André's Travel Log
January 2010: Part 2, Castilla y Leon and Asturias
Continuing on from Galicia...
A stop over here on the way to Asturias has all of us very confused. What is happening with this area? After coming out of Ribeira Sacra the landscape is just no match. But are the wines able to make up for this difference? We visit two estates and I am left with the feeling that there is a lot of work needed to revitalize this denomination.
Many years of abusive oak and extractions because of outside influences (i.e. famous winemaking personalities) has smothered the identity of the wine here. Are these wines really the equivalent of Spain’s Beaujolais? Do they need to aspire for more? That is really the question.

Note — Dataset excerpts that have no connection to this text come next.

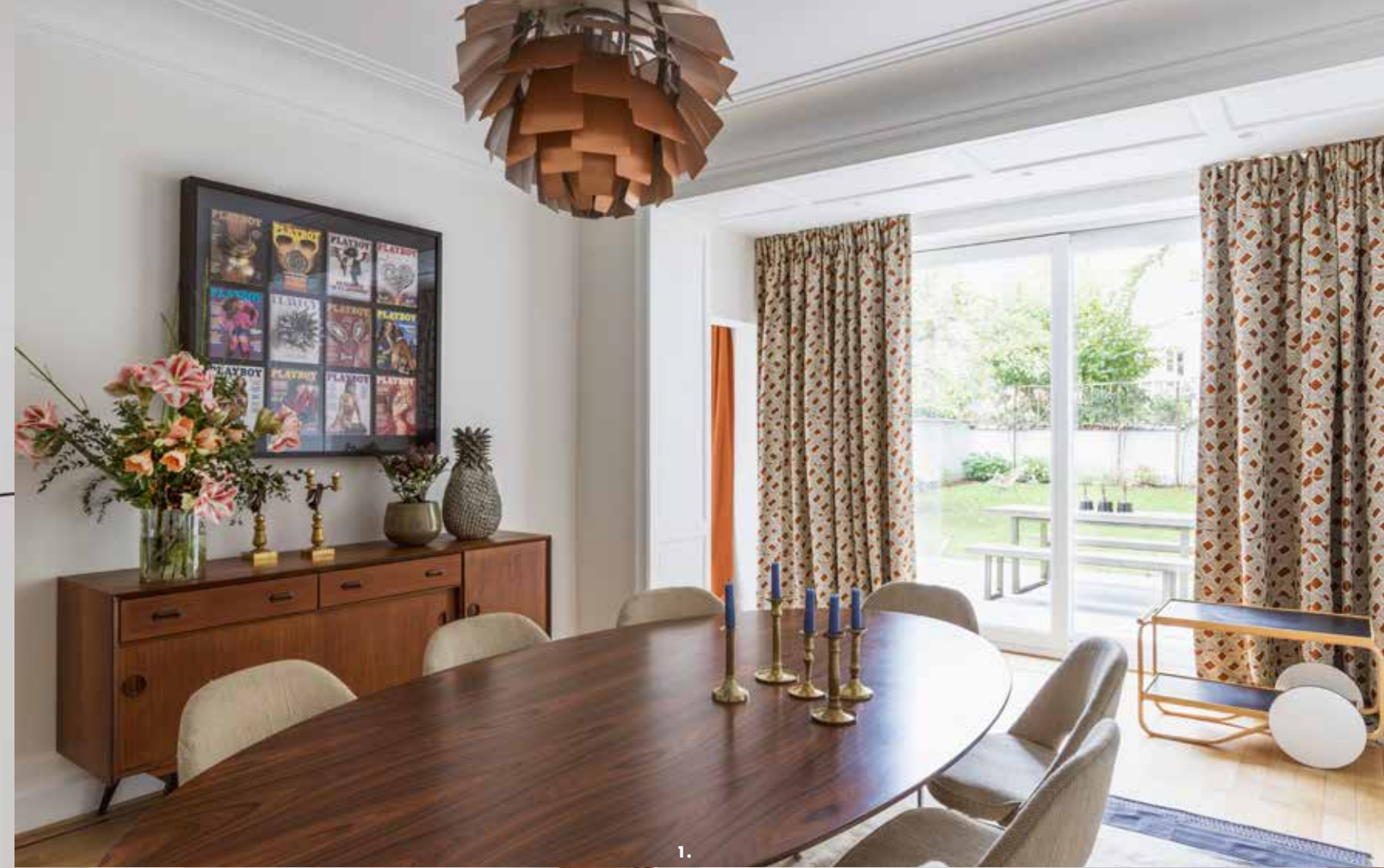
1. 2. 3.
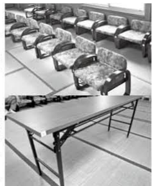
立ち座りしやすい椅子と机

第30区自治会 第30区自治会集会所にテント、机、椅子などが設置されました。これは、宝くじの収益金などを財源に、(一財)自治総合センターが実施している「一般コミュニティ助成事業」を活用したものです。
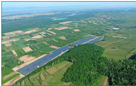
Der Solarpark Vogtsburg blickt auf ein erfolgreiches Jahr 2019 zurück.

Vogtsburg. Die für Mai geplante Generalversammlung der Bürgerenergiegenossenschaft Solarpark Vogtsburg eG konnte aufgrund der Covid-19-Pandemie und den damit einhergehenden Einschränkungen nicht wie geplant stattfinden. Dennoch sollen die Mitglieder der Bürgerenergiegenossenschaft die Auszahlung der Dividende wie in der Vergangenheit im gewohnten Zeitraum erhalten, teilte der Vorstand der Bürgerenergiegenossenschaft mit. Vorstand und Aufsichtsrat haben die dafür notwendigen Voraussetzungen per Umlaufbeschluss geschaffen.
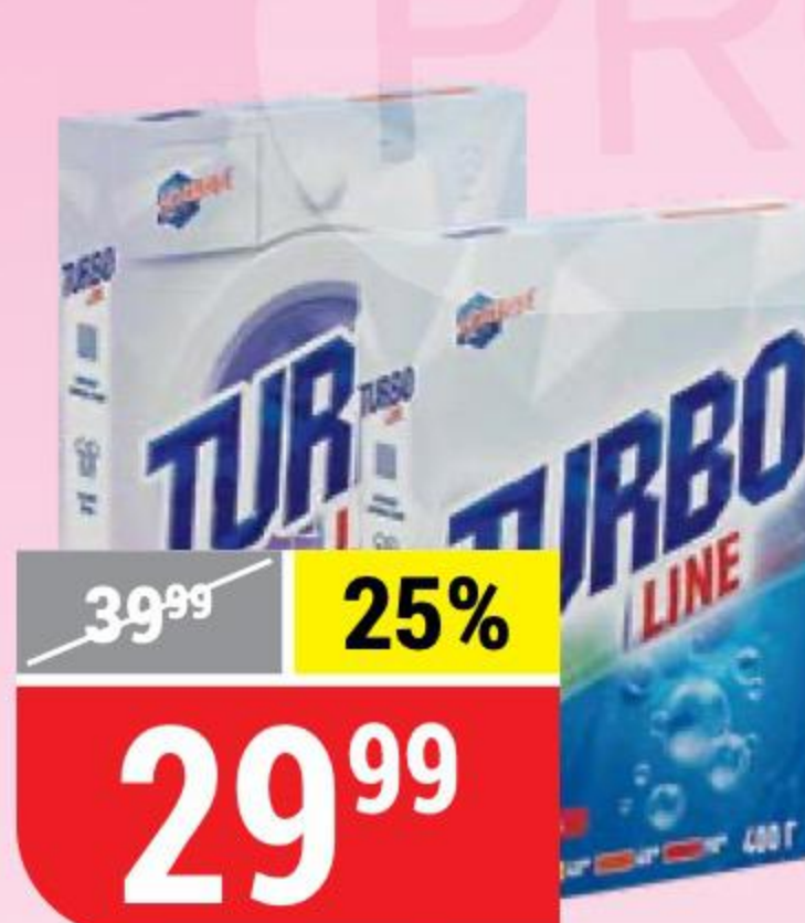
СТИРАЛЬНЫЙ ПОРОШОК TURBO LINE ручная стирка; автомат, 400 г
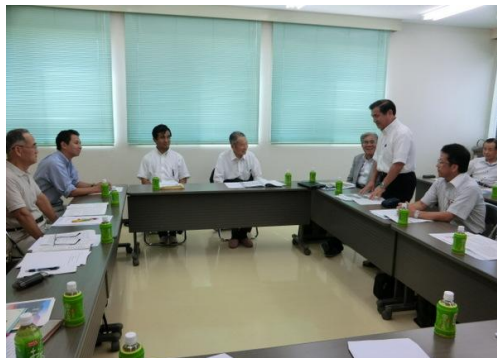
【県本部での研修会、活発な意見交換】
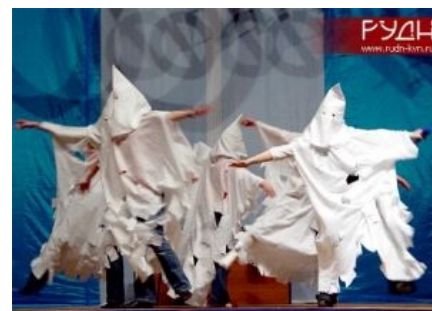
Ку-клукс-клан — это весело!

https://www.youtube.com/v=pqMoaR8kFQc Телепузики одобряэ КKK и Johnny Rebel'a!
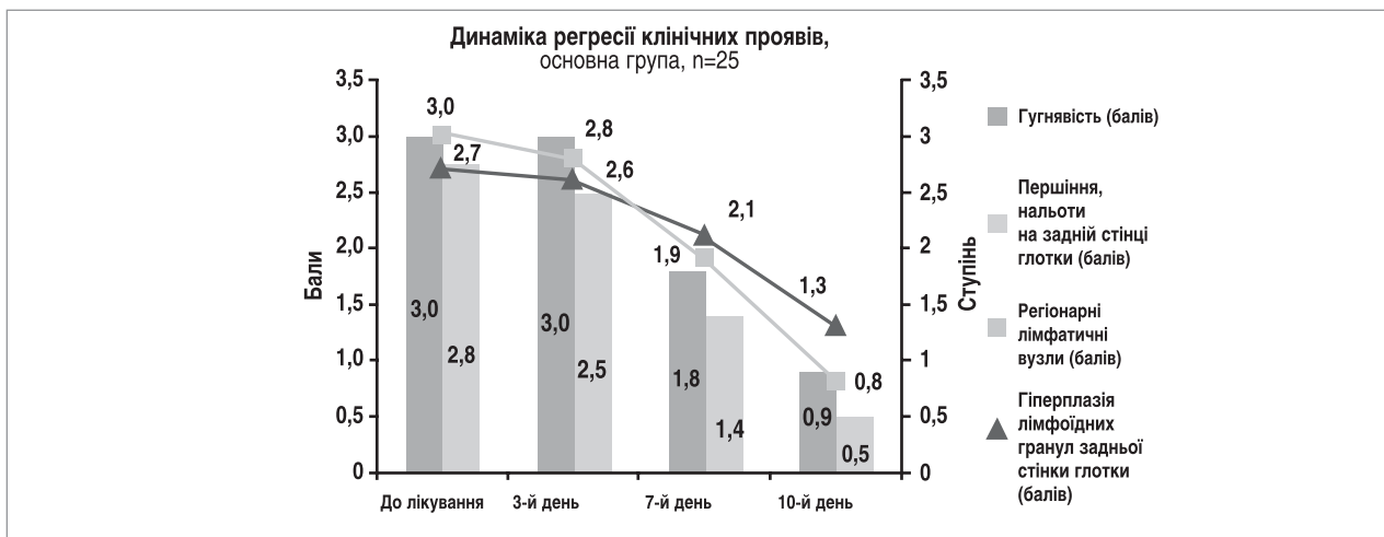
Рис. 1. Динаміка регресії основних клінічних проявів назофарингіту у пацієнтів основної групи

Методом випадкового розподілу хворі були поділені на дві групи. Пацієнти основної групи (n=25) отримували назальний деконгестант, іригаційну терапію (3 р/день), топічний назальний антибіотик, Імупрет у стандартному дозуванні в режимі прийому 6 р/день до зникнення гострої симптоматики з подальшим переходом у режим 4-разового прийому протягом 4 тиж. Учасникам групи порівняння (n=25) призначали назальний деконгестант, іригаційну терапію (3 р/день) і топічний назальний антибіотик.
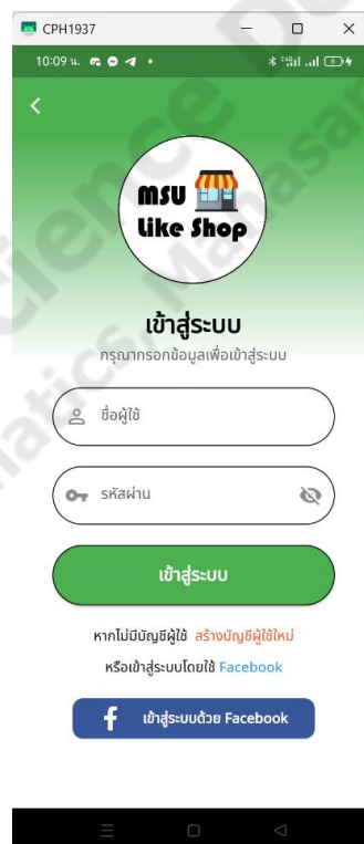
ภาพประกอบที่ 4.1 หน้าเข้าสู่ระบบ
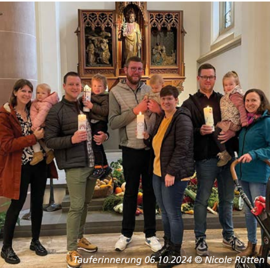
Tauerinnerung 06.10.2024
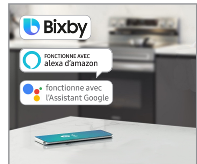
Connectivité Wi-Fi et commande vocale
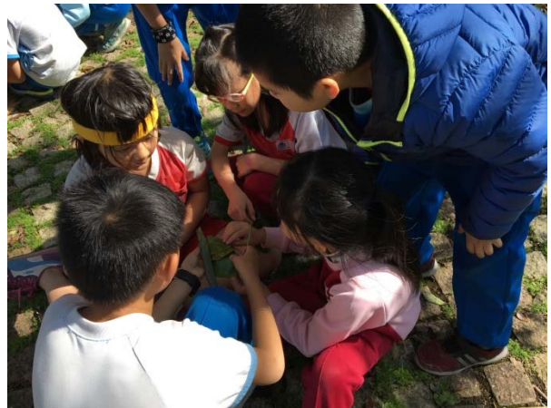
說明：項次 七 成果照片

The two properties that we visited both put together good offerings of fairly straight forward fruit driven wines but they lack inspiration right now. Maybe with bottle age one will reach a purity that we found in Ribeira Sacra. On to apple country...
We travel north to the outreaches of the Iberian Peninsula to visit an old traditional sidrereria. Trabanco was an amazing discovery and I have everyone in tow for an experience whose outcome is unknown. Will everyone get into cider and will the landscape, the people, and the tradition live up to my expectations? The answer is a resounding yes.
We meet at the cider house and start the tour. As soon as we go down to the guts of the operation there are loud gasps when the group discovers chestnut barrels that can hold over 40,000 liters and the wooden presses from the turn of last century. This operation hasn’t changed in one hundred years. And the cider is fantastic, juicy and one begs for more. At dinner fresh caught fish and large bone-in steaks (aged a minimum of 4 weeks at the cider house) do the trick. Then the surprise is revealed as Jose Manuel of Trabanco starts pouring Poma Aurea. This méthode champenoise cider is a revelation and as well as revolutionary since no one in the area has ever made something quite like this. As it turns out this will be one of the highlights of the trip. The next day we sightsee, hang out in Gijon eating some tapas and drink more cider. This stuff is delicious and it is time it made it safely to our shores.
Antonio greets us warmly as they always do in Castilla y Leon, the birth place of Spain. We immediately hit the Tres Olmos, a bottling of 125 plus year old vines of Verdejo and it is a unique surprise to all because we have yet to introduce this wine outright as we awaited Antonio to investigate the sur lees aging that we both concurred would bring this wine to its rightful place as one of the top Ruedas.
Then the meal arrives: lechazo, and the only way they do it here, month old baby lamb roasted in an old wood-burning oven. This is the best meal for most folks and lucky for all we get to do this all over again the next day at Sastre. In the morning, on the way to Sastre, we go see Antonio’s old vines. They are as spectacular as always. Old, gnarly pre-phylloxera plantings that Antonio is rescuing one parcel at a time
Antonio is doing great stuff in a sea of mediocre commercial wines. He's one of the few winemakers in the region reaching for excellence while everyone else is in a race to the bottom.
What can be said about this incredible winery which operates at the highest level with incredible vineyards, the latest technological innovations all the while being down to earth and real. We are greeted by Jesus and his sister-in-law Isabel.
The winery is full of incredible equipment, all gravity fed with a crazy sorting table that only allows grapes to enter the presses if the are between six and eleven mm in diameter. But the little surprise of the trip is a cool little one thousand liter barrel on a frame that allows it to spin around three hundred and sixty five degrees allowing incredible pump overs like never seen before. But the best part of it is that this barrel is destined for the rebirth of the Gran Reserva program that Jesus put on hold after the 2001 vintage. Finally, after arguing over the years for a more classically styled wine aged in older barrels for extended time, Jesus hears me out. Of course we will have to wait until at least 2015 for the release of the wine. But not to worry I’ve made provisions and having bought all the stocks of 1995, 1996, 1999, 2001
At lunch we taste the vertical and the first decanter to empty is the 1995, ok people like this stuff! With lechazo we drink the modern wines which are broad shouldered and unapologetic. Although they are large they have striking acidity and high PH levels that allows them to handle their weight. Probably one of the most amazing wines of the trip is the Pesus 2006. This might sound odd coming from someone who favors a leaner more classically styled wine but this wine is majestic. It is far out, not heavy, and incredibly smooth. Must be what it would be like to ride in a Maybach or a Rolls. The plushest, most delicious ride, this is ridiculously good if almost outside the boundary of normal wine.